À l’opposé de Rachmaninov, le jeune Prokofiev ne ressent  aucune attirance pour le répertoire romantique. Ses camarades dans la classe de Mme Essipova, au Conservatoire de Saint-Pétersbourg, se rappelle des disputes mémorables entre l’élève et le professeur à ce sujet. Dès les années 1910, son écriture porte en germe le Prokofiev de la maturité : martèlement rythmique, lyrisme, sarcasme, dissonances tout en restant dans le discours tonal.

Le genre de la sonate l’accompagne cependant sa vie durant. La Deuxième, écrite en 1912, martèle avec jubilation les accords, tout particulièrement dans le Finale, mais la cantilène de l’Andante, comme l’épisode chantant du premier mouvement, font en même temps de cette sonate une page introspective et mystérieuse.

La Cinquième, la seule écrite pendant le séjour de Prokofiev à l’Ouest, est composée à Ettal (Alpes bavaroises) où le compositeur s’est installé afin de travailler à son opéra L’Ange de feu. Elle est modifiée par Prokofiev dans les derniers mois de sa vie (d’où le numéro d’opus 135, la première version étant pourvue du numéro 38), les modifications du compositeur affectant essentiellement le finale.

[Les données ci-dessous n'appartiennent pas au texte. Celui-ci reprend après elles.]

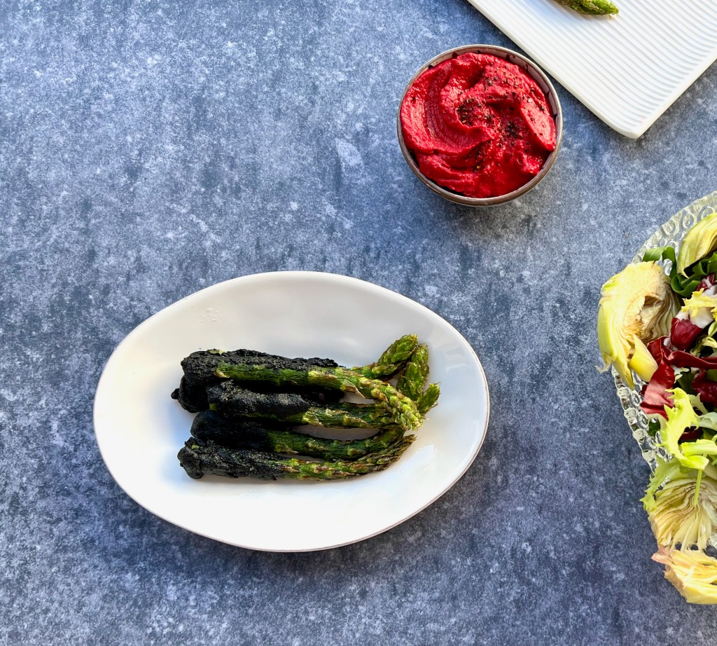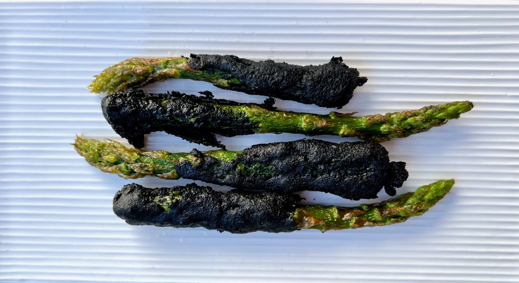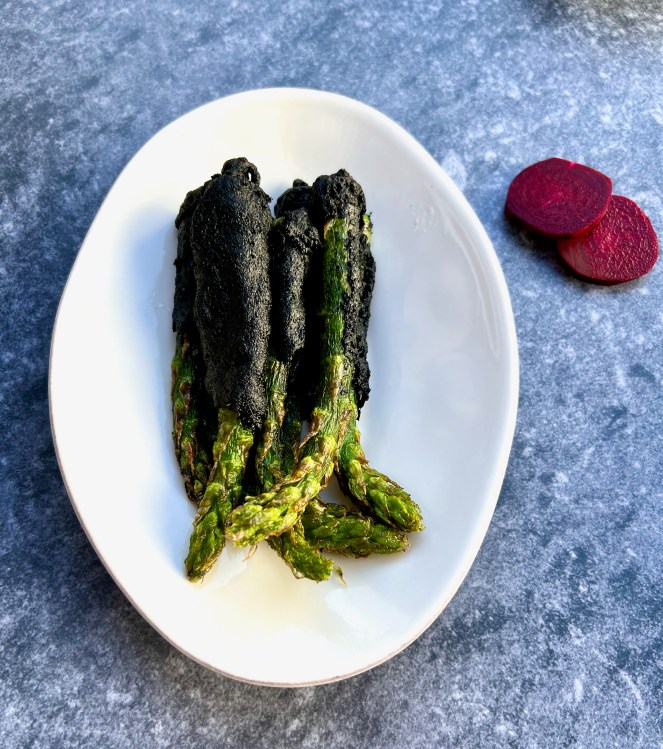 La recepta d’avui parteix d’una de les més humils del llibre, uns espàrrecs fregits que s’arrebossen en una pasta espessa. Una recepts molt semblant apareixerà en el llibre Cocina práctica de cuaresma editat a Barcelona en el 1905. La idea de la pasta negra és del llibre Técnicas básicas para cocinar en casa de Joan Roca, en una recepta quasi idèntica al volum quaresmal de principis del s. XX Esper que sigui del vostre gust.

On n’y trouve plus de trépidation mais des tempos modérés et un lyrisme clair qui annonce celui des Sonatines de 1930 et 1931. Ludique en son deuxième mouvement au motif de valse piqué sur un accompagnement saccadé, la Cinquième est ailleurs souvent méditative, voire mystérieuse. Son charme tient à l’équilibre qui s’établit entre son classicisme, le chromatisme plus marqué que dans les sonates antérieures, et les dissonances du dernier mouvement.